Liposomes (d > 200 nm) and nanoliposomes (d < 200 nm) are spheroidal particles that typically have an onion-like (vesicular) structure, which are formulated from phospholipids (McClements, 2020a). These liposomal systems are comprised of one or more concentric phospholipid bilayers surrounding an aqueous core. The bilayer structures tend to form spontaneously when the phospholipids are mixed with water due to the hydrophobic effects. However, some form of processing is need to create a dispersion of relatively small and uniform liposomes or nanoliposomes, such as microfluidization. Liposomal systems can encapsulate hydrophilic and hydrophobic therapeutic agents because they have both polar and non-polar regions inside them. Hydrophobic molecules like melatonin and resveratrol are usually located within the non-polar regions formed by the tails of the phospholipids in the bilayer membranes. Encapsulating resveratrol within a liposomal formulation has been shown to prolong its release and increase its therapeutic effects in rat models of nerve injury (Feng, He, Mao, Shui & Cai, 2019). Metformin-encapsulated liposomes enhance therapeutic efficacy and clinical use of metformin against breast cancer cells (Khiavi, Safary, Barar, Ajoolabady, Somi & Omidi, 2020; Shukla et al., 2019).

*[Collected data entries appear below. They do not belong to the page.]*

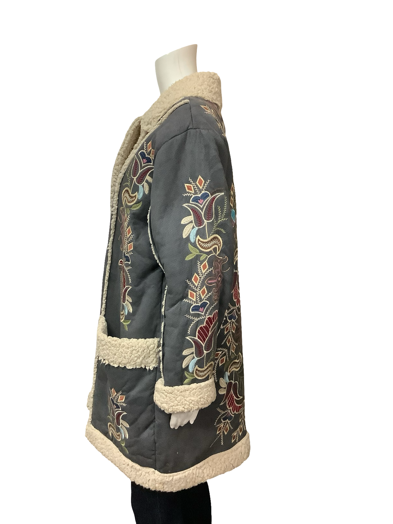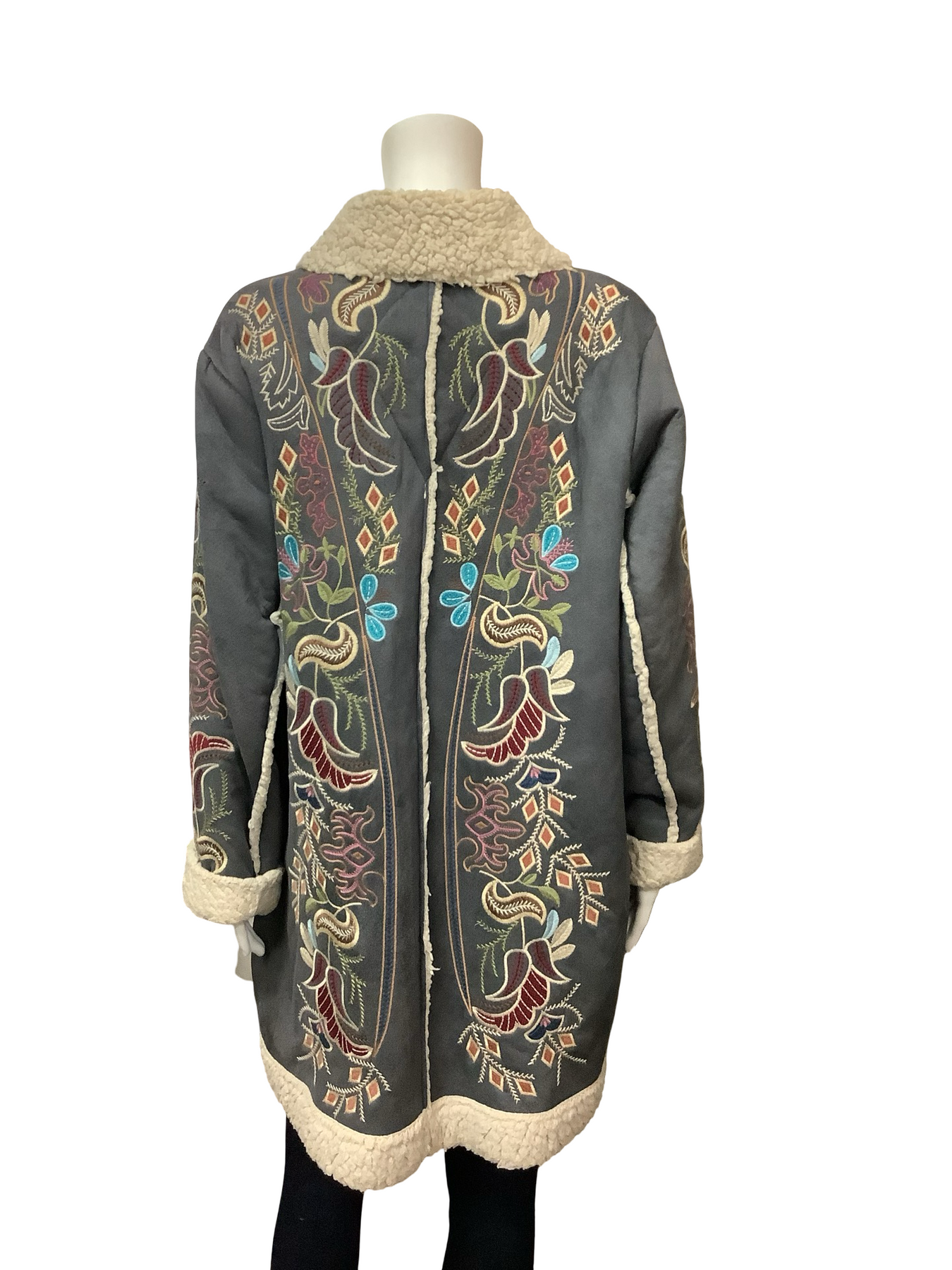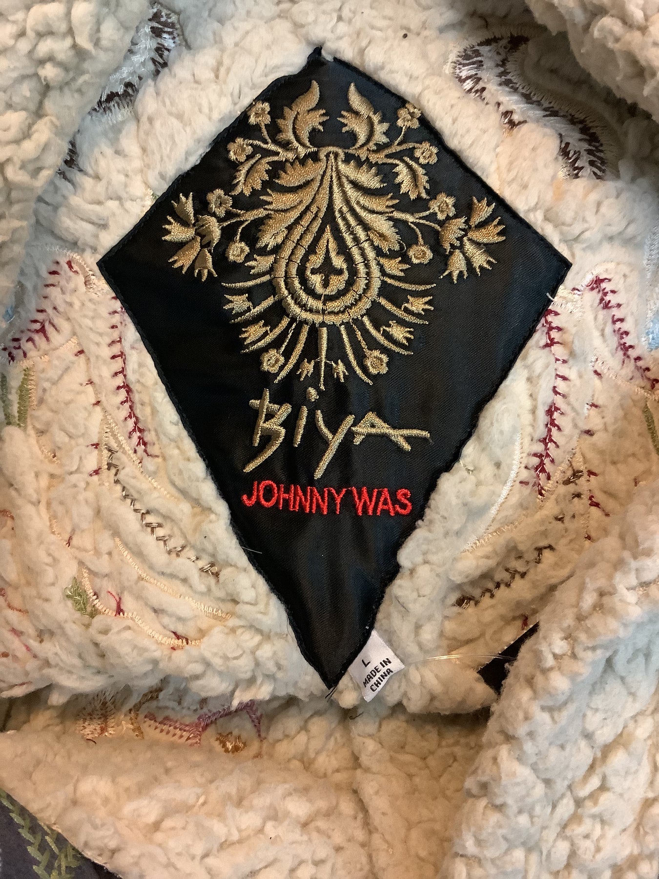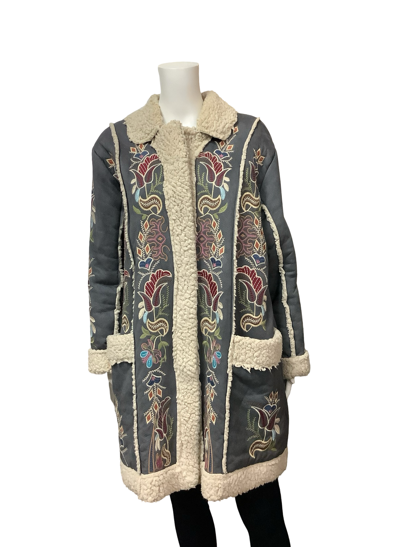 Johnny Was Sherpa Floral Embroidered Coat Size: L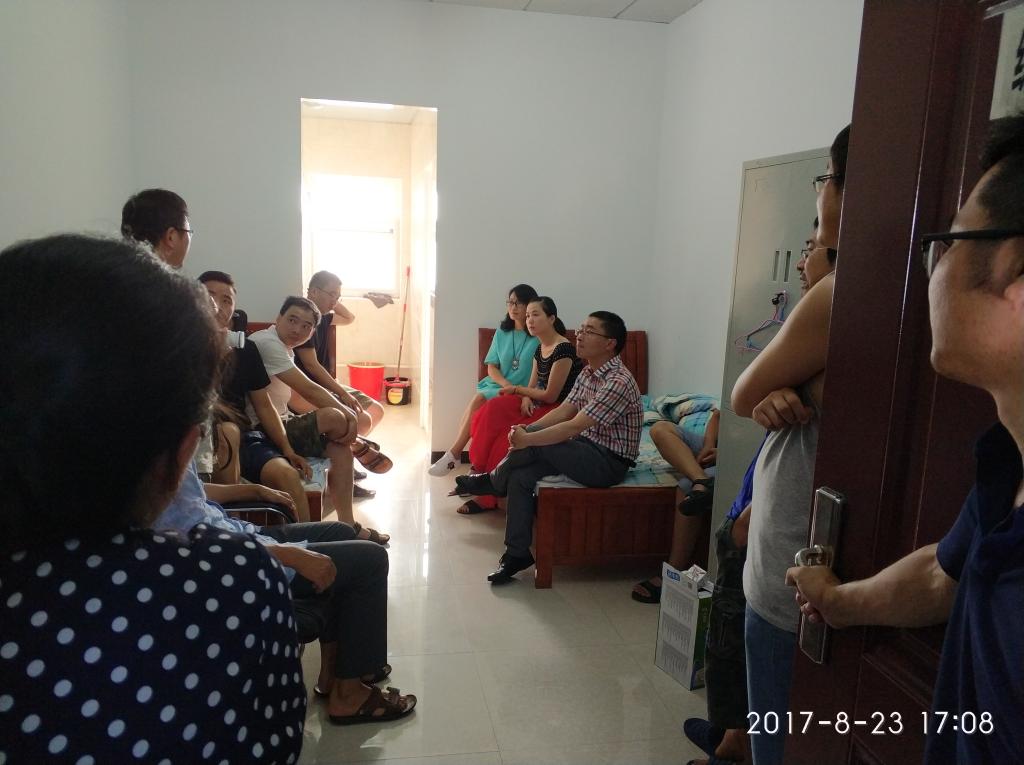 与员工交流结束后,郭秀蓉一行来到教师宿舍楼同实习指导老师进行交流。郭秀蓉首先对全体实习指导老师的辛勤付出表示感谢,并对大家在实习期间发现的问题和遇到的困难进行了解。郭秀蓉指出,老师要帮助同学们通过北戴河、周口店实习加深对地质工作的认识,帮助同学们在专业领域有更高的定位,鼓励大家积极读研。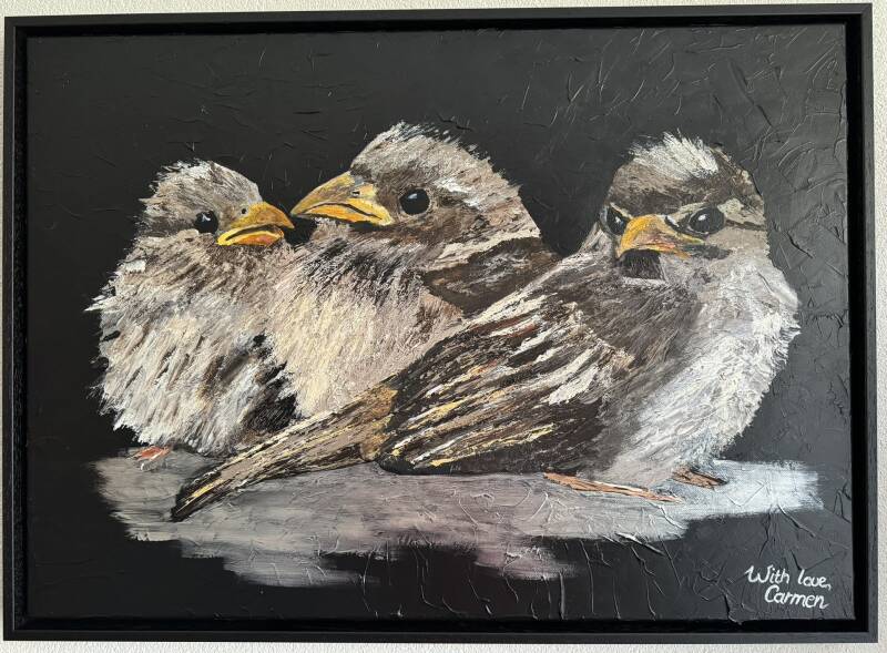 3 musjes, acrylverf, 50 x 70 cm. Te koop voor 275,= incl. lijst.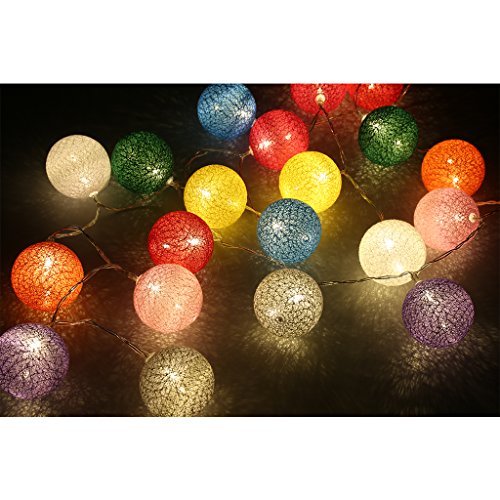 String Light Cotton Ball Battery Festive Lights, 20 LED lights, 1 Light Mode, Powered with 3AA Batteries for Indoor Celebration, Christmas Decoration Use (Multicolor) ...

Cyclic oligosaccharides, known as cyclodextrins, consist of glucopyranose units with α (1→4) bonds (Astray, Gonzalez-Barreiro, Mejuto, Rial-Otero & Simal-Gandara, 2009). In aqueous solutions, cyclodextrins have a hydrophobic cavity than can incorporate non-polar therapeutic agents and a hydrophilic exterior that ensures their water-dispersibility. Inclusion complexes formed between α-/β-/γ-cyclodextrins and resveratrol have been shown to significantly improve the water-dispersibility of resveratrol (Bertacche, Lorenzi, Nava, Pini & Sinico, 2006; Silva et al., 2021). Researchers have also shown that cyclodextrins can also be used to increase the water-dispersibility of melatonin (Grygorova et al., 2019). Studies have confirmed that cyclodextrins and resveratrol form 1:1 complexes with the therapeutic molecule trapped in the hydrophobic cavity (Lucas-Abellán, Fortea, Gabaldón & Núñez-Delicado, 2008). An in vivo study showed that encapsulation of resveratrol in cyclodextrins increased its anticancer activity against cervical cancer (Hao et al., 2021), which was probably because the delivery system increased the amount of the therapeutic agent reaching the site of action in an active form.